▸ TASK GOAL: Set down each line of the data exactly, but not the pictures.

▸ SOURCE MATERIAL:
---*---

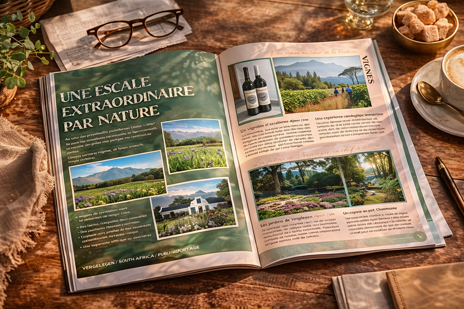 Conception d'un publireportage touristique mettant en valeur le domaine Vergelegen à travers une approche éditoriale immersive et une direction artistique inspirée des magazines de voyage.
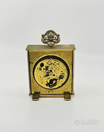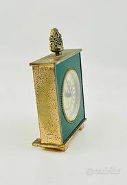 Orologio da tavolo vintage Titanus, pezzo da collezione. Cassa rettangolare con pannello frontale verde bosco e dettagli in metallo dorato. Funzionamento meccanico, utilizzato all'epoca per il viaggio o da scrivania. Quadrante con le ore in numeri romani, decoro floreale al centro, "2 Jewels" scritto davanti, indica il numero di rubini nel meccanismo, il suo stile richiama il periodo Art Déco o la metà del XX secolo, con una maniglia ornamentale parte superiore e piedini di supporto alla base. Evidenzio metallo ossidato e graffiato alla base, funzionamento da verificare. Larghezza cm 7 Altezza cm 8 Profondità cm 3
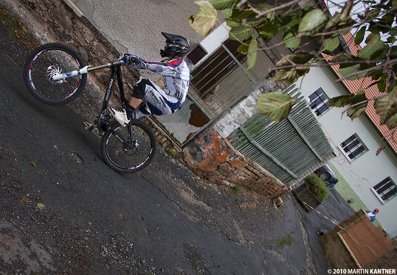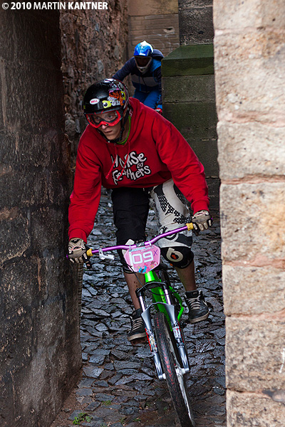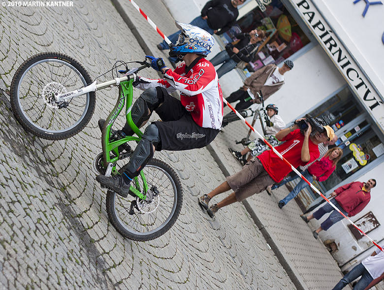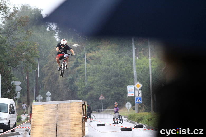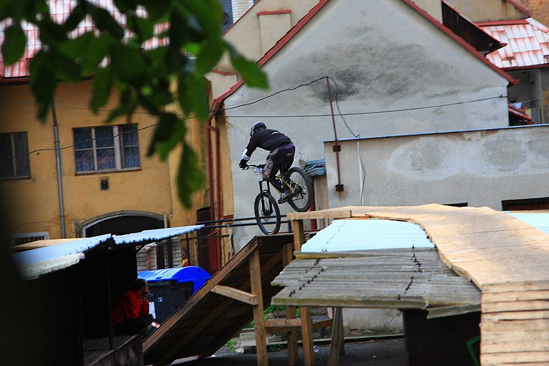 Ráno se probudím a žádná změna, mokré žulové kostky budou klouzat i v sobotu. Pro každého je trať ale stejná. Oblíkám se, beru kolo a po registraci dávám první tlačku na start. Jdu podél trati a všechny změny, které se na trati objevily, jsou oproti minulému ročníku zábavnější. Po startu nás čekala první hamtačka na dřevěný odpal do svahu, který měl blízký, nebo vzdálenější dopad. První jízdu volím zlatou střední cestu, takže výsledek je rána jako prase. Myslím si, že tento skok mnoho lidí bavil, stejně tak jako mě. Následoval průjezd lesní pasáže, výjezd na panelovou cestu a šup mezi paneláky. Před Vysokou bránou nás čekala dřevěná lavice a následný průjezd samotné brány bych nazval „uličkou smrti“. Po výjezdu jsme přejeli Favorita, mírně prokličkovali mezi květináči a hurá na tržiště. Pro mě největší překvapení, udělat závodní koridor stylem hodit na eternitové stříšky OSB desku, by mě opravdu nenapadl. Po přejetí všech stánků nás čekalo poslední zakousnutí do pedálu a po odrazu na konci průchodu už jsme v prostoru cíle. Ten je ale značně vyosený a trefit se do cílové brány je tak časově náročné, že zde vznikají i kreace typu „seskočit ze 2 metrové konstrukce na placku na žulové kostky“.

---*---

▸ RESULT OF THE EXERCISE:
 Conception d'un publireportage touristique mettant en valeur le domaine Vergelegen à travers une approche éditoriale immersive et une direction artistique inspirée des magazines de voyage.
 Orologio da tavolo vintage Titanus, pezzo da collezione. Cassa rettangolare con pannello frontale verde bosco e dettagli in metallo dorato. Funzionamento meccanico, utilizzato all'epoca per il viaggio o da scrivania. Quadrante con le ore in numeri romani, decoro floreale al centro, "2 Jewels" scritto davanti, indica il numero di rubini nel meccanismo, il suo stile richiama il periodo Art Déco o la metà del XX secolo, con una maniglia ornamentale parte superiore e piedini di supporto alla base. Evidenzio metallo ossidato e graffiato alla base, funzionamento da verificare. Larghezza cm 7 Altezza cm 8 Profondità cm 3
 Ráno se probudím a žádná změna, mokré žulové kostky budou klouzat i v sobotu. Pro každého je trať ale stejná. Oblíkám se, beru kolo a po registraci dávám první tlačku na start. Jdu podél trati a všechny změny, které se na trati objevily, jsou oproti minulému ročníku zábavnější. Po startu nás čekala první hamtačka na dřevěný odpal do svahu, který měl blízký, nebo vzdálenější dopad. První jízdu volím zlatou střední cestu, takže výsledek je rána jako prase. Myslím si, že tento skok mnoho lidí bavil, stejně tak jako mě. Následoval průjezd lesní pasáže, výjezd na panelovou cestu a šup mezi paneláky. Před Vysokou bránou nás čekala dřevěná lavice a následný průjezd samotné brány bych nazval „uličkou smrti“. Po výjezdu jsme přejeli Favorita, mírně prokličkovali mezi květináči a hurá na tržiště. Pro mě největší překvapení, udělat závodní koridor stylem hodit na eternitové stříšky OSB desku, by mě opravdu nenapadl. Po přejetí všech stánků nás čekalo poslední zakousnutí do pedálu a po odrazu na konci průchodu už jsme v prostoru cíle. Ten je ale značně vyosený a trefit se do cílové brány je tak časově náročné, že zde vznikají i kreace typu „seskočit ze 2 metrové konstrukce na placku na žulové kostky“.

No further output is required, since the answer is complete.